Following is a summary of the Act.

Covered Entities and Personal Information

The Act extends to any entity that maintains, stores or manages computerized data that includes personal information. “Entity” is broadly defined to include a Pennsylvania state agency or political subdivision, an individual or business doing business in Pennsylvania.  

“Personal Information” is an individual’s first name or initial and last name in combination with and linked to any one or more of the following data elements when the data elements are not encrypted or redacted: 

  • Social Security number
  • Driver’s license number or a State identification card number issued in lieu of a driver’s license
  • Financial account number, credit or debit card number, in combination with any required security code, access code or password that would permit access to an individual’s financial account

Breach of Data Security and Persons to Whom Notice Must Be Given

A covered entity must give notice of a breach of the security of the system which is defined as the unauthorized access and acquisition of computerized data that materially compromises the security or confidentiality of personal information maintained by the entity as part of a database of personal information regarding multiple individuals and that causes, or the entity reasonably believes has caused or will cause, loss or injury to any Pennsylvania resident. Access to and use of the data by entity employees in the scope of employment and for the proper business purposes of the covered entity are not breaches of the security system. Each Pennsylvania resident whose unencrypted or un-redacted personal information was, or was reasonably believed to have been, accessed by an unauthorized person should be given notice of the breach.

Notice

Except for delays requested to meet the needs of law enforcement or in order to take necessary measures to determine the scope of the breach and to restore the reasonable integrity of the data system, the notice shall be made without unreasonable delay to Pennsylvania residents. 
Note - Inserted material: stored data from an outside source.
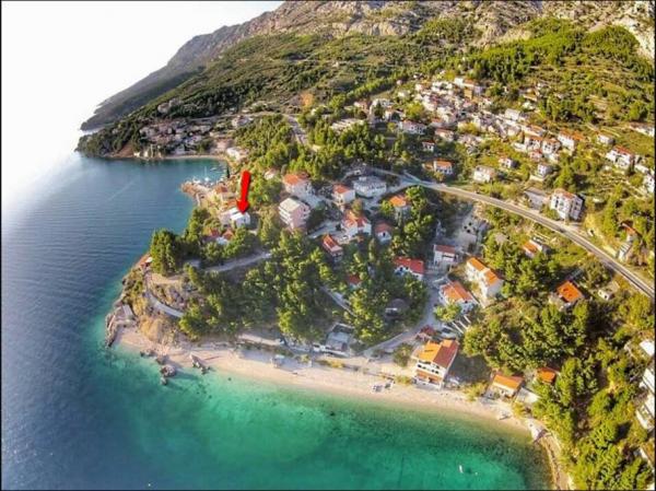 Mimica, this intimate and charming village. The apartment is located close to the sea, shingle beach very clean with showers, near several taverns, restaurant, mini-market and greengrocer (located closest to the town of Omis is a gift - 6 km). Apartment / 1 / is very large - it consists of a living room, a bedroom, a room with three beds, including bunk and a small room with a single bed, modern and spacious, fully equipped / dishwasher and washing machine / kitchen with all necessary accessories, apartment is well maintained and clean, with a huge terrace overlooking the sea and the village, in addition there are umbrellas, mattresses, fins, etc. to the beach. For visitors parking with garage and individual barbecue. Owner very nice and pleasant - greetings  RECOMMENDED Jola, Maciek and son Alexander
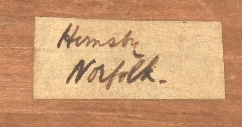 Original handwritten label attached to back of object reads: 'Hemsby, Norfolk.'
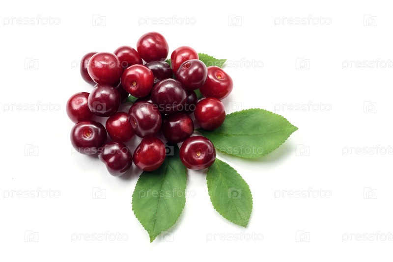 Спелая сочная вишня на белом фоне
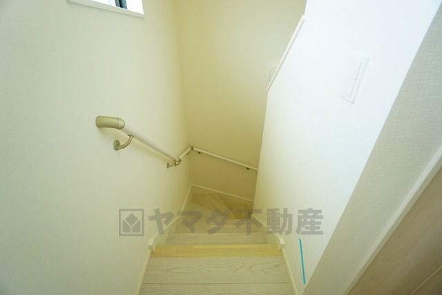 ご年配の方でも安心できる、手すり付き階段です^^段差も低めで設定されてますので安全性にも優れてますね^^
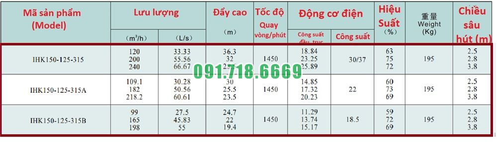 Bảng lưu lượng của máy bơm nước cánh hở IHK150-125-315 vật liệu inox 304
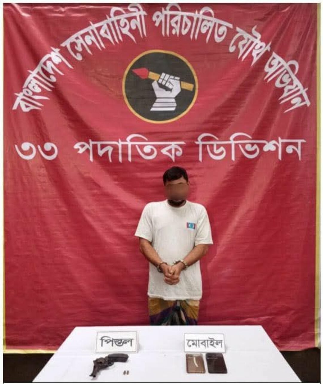 ঢাকা, ১৬ জুলাই ২০২৫ (বুধবার): গত রাত আনুমানিক ৩ টায় ব্রাহ্মণবাড়িয়া জেলার আশুগঞ্জ উপজেলার চরচরটোলা এলাকায় সুনির্দিষ্ট গোয়েন্দা তথ্যের ভিত্তিতে সেনাবাহিনীর নেতৃত্বে একটি যৌথ অভিযান পরিচালনা করে অবৈধ অস্ত্রধারী আসাদ মিয়া’কে গ্রেফতার করা হয়। অভিযানে ১টি মার্কিন রিভলবার, ২ রাউন্ড এ্যামোনিশন এবং ২টি মোবাইল ফোন উদ্ধার করা হয়।
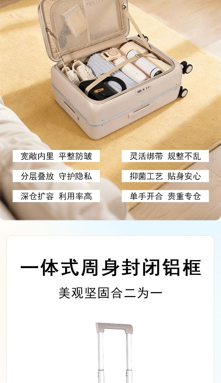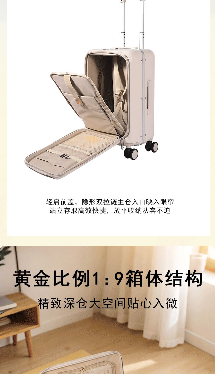 1、极简美学圆润设计,轮廓精致典雅靓丽 2、纯然同配色哑光工艺,自带轻奢质感 3、前置电脑快捷仓,随取随用从容办公快速安检 4、黄金1:9比例布局,科学释放近 99% 储物空间 5、浑然一体大深仓,多层分类归置尽享温度与安心 6、多处创新工艺暗藏巧思,贴心诠释移动出行助理

Residency may be determined by the individual’s principal mailing address, as reflected in the entity’s computerized data. Notice may be provided by any of the following methods: 

  • Written notice to the last known home address for the individual
  • Telephonic notice, if the customer can be reasonably expected to receive it and the notice is given in a clear and conspicuous manner, describes the incident in general terms and verifies personal information but does not require the customer to provide personal information and the customer is provided with a telephone number to call or Internet website to visit for further information or assistance
  • Email notice, if a prior business relationship exists and the person or entity has a valid e-mail address for the individual

A substitute form of notice is permissible if the entity demonstrates one of the following: 

  • The cost of providing notice would exceed $100,000;
  • The affected class of subject persons to be notified exceeds 175,000; or
  • The entity does not have sufficient contact information. 

The form of substitute notice shall consist of all of the following: 

  • Email notice when the entity has an email address for the subject persons; 
  • Conspicuous posting of the notice on the entity’s Internet website if the entity maintains one; and 
  • Notification to major statewide media.

Enforcement

A violation of the Act is deemed to be an unfair or deceptive practice in violation of the Pennsylvania Unfair Trade Practices and Consumer Protection Law, which is enforced by the Pennsylvania Attorney General. Although there is no private right of action under the Pennsylvania Breach of Personal Information Notification Act, compliance will go a long way toward mitigating individual damages and the private claims under other causes of action that will surely follow. In addition to the Pennsylvania requirements, most other states have similar breach notification laws protecting the residents of those jurisdictions.

Conclusion

Any entity storing personal information must, at a minimum: have, maintain and monitor its data security systems; regularly conduct security assessments; develop and constantly improve its data privacy policies and practices; and be prepared with incident response plans.  

Compliance with applicable federal and state law disclosure requirements must be part of the planning.